My intention: I want to load code on external SDRAM (visible at address 0x60000000) and execute code on SDRAM (e.g. for "Apps" loaded from QSPI or SDCard).
OK, here what I think we had to bear in mind, when we want to implement:
- Obvious, SRAM has to be initialized, e.g. via:
SDRAMClass sdram;
sdram.begin();
-
But not sure if code execution is allowed and possible on SDRAM: usually, the external SDRAM, in address range 0x60000000 ... 0x7FFFFFFF is default as: "device" and executable. But mbed, RTOS etc. could configure MPU and disable code fetch and execution: this is actually recommended to do so: if external SDRAM is not available - avoid speculative code fetch, cache line fills (from unavailable memory): otherwise a HardFault_Handler can be called (what I had for several days). So, potentially consider to setup an MPU entry for SDRAM region.
-
Place data and code on SDRAM: OK, you can use attribute and section to do so.
-
Extend the linker_script.ld: you had to define sections there where the code is linked to SDRAM address, but the code and data is maintained as a "copy" in FLASH ROM (I use it here for simple test: my SDRAM functions sit as copy in FLASH ROM, just to make it easier).
-
Have a startup code: before the first use, even SDRAM initialized - the content (data and code = text) has to be written (copied) to SDRAM: have code (as assembly file) to "move" from other location (FLASH ROM) into SDRAM region.
-
Very important: Place Independent Code (PIC) is generated: see compiler options as -fPIC or -m no_long_calls: due to the ARM instruction set where code for branches or function calls are addressed as "relative to PC value" - the function called cannot be further away as 4 MB!. Calling a function from SDRAM (0x60000000) located in FLASH ROM (0x08000000) is TOO FAR AWAY for a relative ARM Thumb instruction! The distance is larger as 4MB. The compiler will complain (and it did so often). So, you need "helper functions", called "trampoline function" or "veener" to extend such a call over a larger distance (mainly via loading a 32bit address to register and jump via "next PC is register content").

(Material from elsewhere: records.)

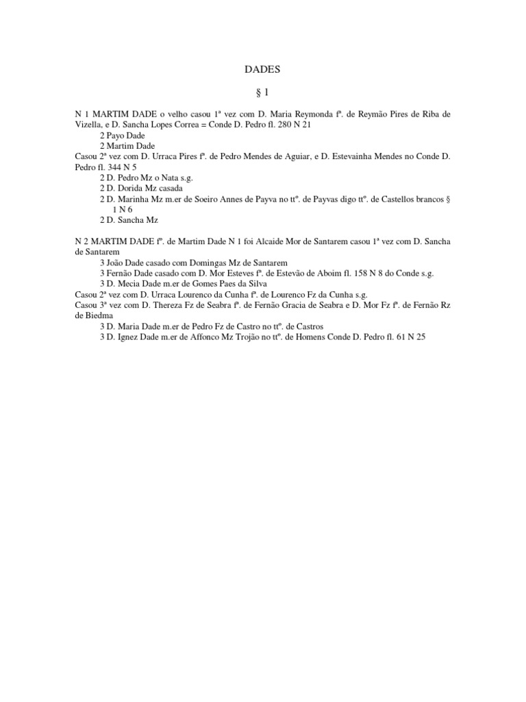 N 1 MARTIM DADE o velho casou 1 vez com D. Maria Reymonda f. de Reymo Pires de Riba de Vizella, e D. Sancha Lopes Correa = Conde D. Pedro fl. 280 N 21 2 Payo Dade 2 Martim Dade Casou 2 vez com D. Urraca Pires f. de Pedro Mendes de Aguiar, e D. Estevainha Mendes no Conde D. Pedro fl. 344 N 5 2 D. Pedro Mz o Nata s.g. 2 D. Dorida Mz casada 2 D. Marinha Mz m.er de Soeiro Annes de Payva no tt. de Payvas digo tt. de Castellos brancos 1N6 2 D. Sancha Mz N 2 MARTIM DADE f. de Martim Dade N 1 foi Alcaide Mor de Santarem casou 1 vez com D. Sancha de Santarem 3 Joo Dade casado com Domingas Mz de Santarem 3 Ferno Dade casado com D. Mor Esteves f. de Estevo de Aboim fl. 158 N 8 do Conde s.g. 3 D. Mecia Dade m.er de Gomes Paes da Silva Casou 2 vez com D. Urraca Lourenco da Cunha f. de Lourenco Fz da Cunha s.g. Casou 3 vez com D. Thereza Fz de Seabra f. de Ferno Gracia de Seabra e D. Mor Fz f. de Ferno Rz de Biedma 3 D. Maria Dade m.er de Pedro Fz de Castro no tt. de Castros 3 D. Ignez Dade m.er de Affonco Mz Trojo no tt. de Homens Conde D. Pedro fl. 61 N 25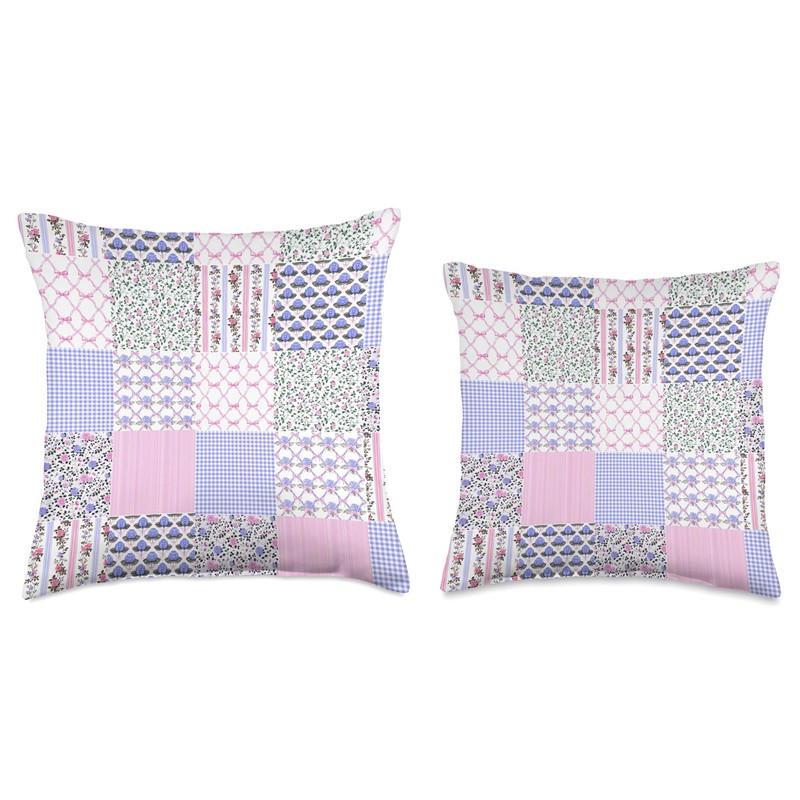 - Step into spring with this coquette-inspired pink and blue floral patchwork inspired design featuring delicate roses, gingham checks, lace-style ribbons, and soft pastel quilt blocks. Chic for girly, romantic, or cottagecore lovers.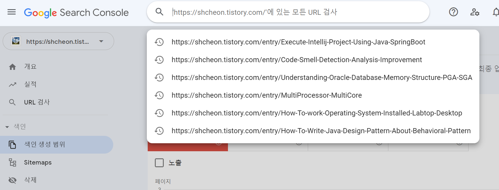 그리고 마지막으로 URL 검사를 통해, 웹페이지 수집 여부 및 색인 생성 요청을 할 수 있습니다. URL 검사 메뉴를 누르시면, 검사할 URL을 입력할 수 있습니다. 블로그 메인 페이지만 입력하면, 구글 크롤러가 해당 웹사이트 하위 URL도 다 검색하고 수집하겠지만, 크롤러도 우선순위가 있기 때문에, 제 Page가 먼저 수집될지 안될지는 잘 모릅니다.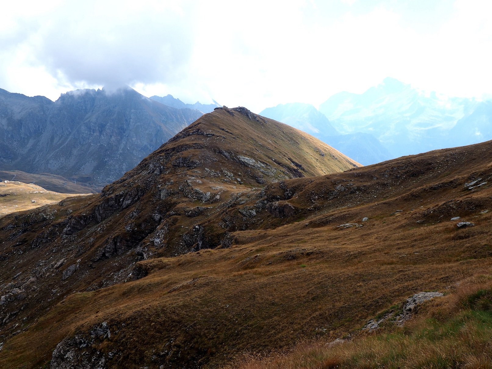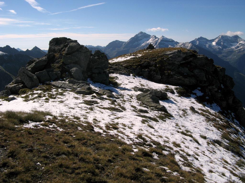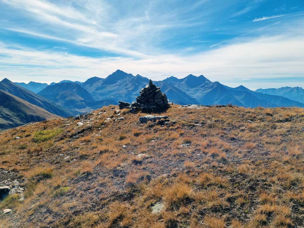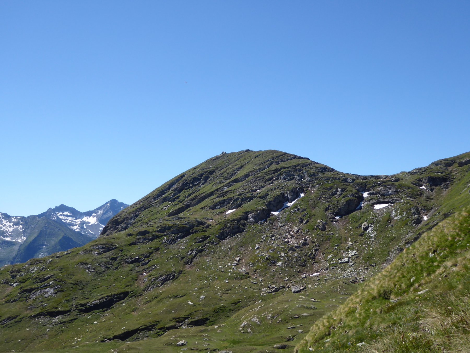 Dall’intaglio si prosegue a sinistra seguendo la traccia che aggira sul versante nord un dosso detritico, giungendo poi sull’ampia dorsale erbosa che con alcuni saliscendi conduce al grosso ometto posto in cima.
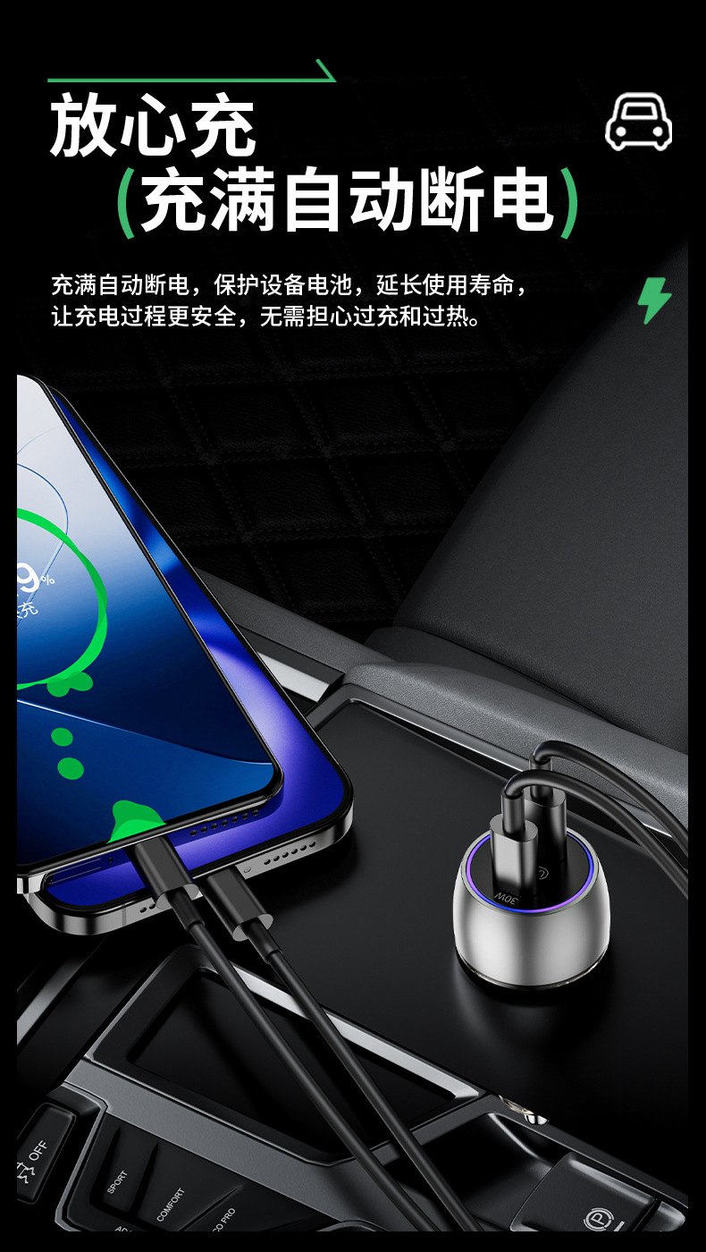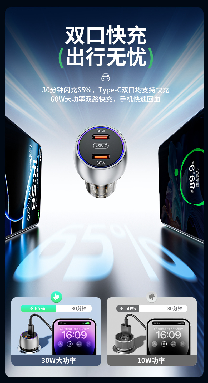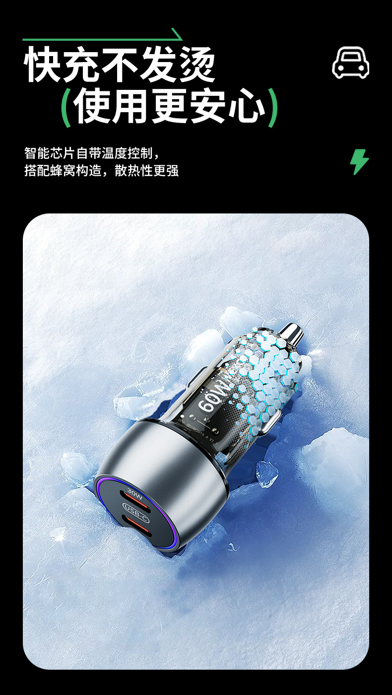 WEKOME透明60W輸出type-c智能快充車用手機充電C54汽車充電器車充

I have it working (sharing and attached files here). The biggest problem is to deal with this PIC code (Place Independent Code) and the distance larger as 4MB. The only solution I have: write assembly code which will "extend" the call: from SDRAM region to FLASH ROM, in order to call a function available there.
Here are the code files and some remarks:
Have a function which copies code and data from FLASH ROM to SDRAM (after SDRAM init was done):
ITCM_Startup.h (401 Bytes)
ITCM_Startup.cpp (1.8 KB)
The ITCM_Startup.cpp is actually an assembly file, as ITCM_Startup.S!
These files have a function SDRAM_Startup() and functions to "extend" (forward) calls from SDRAM to FALSH ROM (where regular FW is).
These files are associated with the linker_script.ld:
linker_script.h (3.9 KB)
The file name is linker_script.ld! Place it under your project or potentially under the LIB reference file path (used from there, not sure), e.g.: C:\Users<username>\AppData\Local\Arduino15\packages\arduino\hardware\mbed_portenta\3.0.1\variants\PORTENTA_H7_M7
And you had to bear in mind: assembly code does not "find" C++ functions: to, you had to declare functions used from assembly code as "plain C function" (no "name mangling"). Also if you want to branch in assembly code to a function: the called function should be "plain C".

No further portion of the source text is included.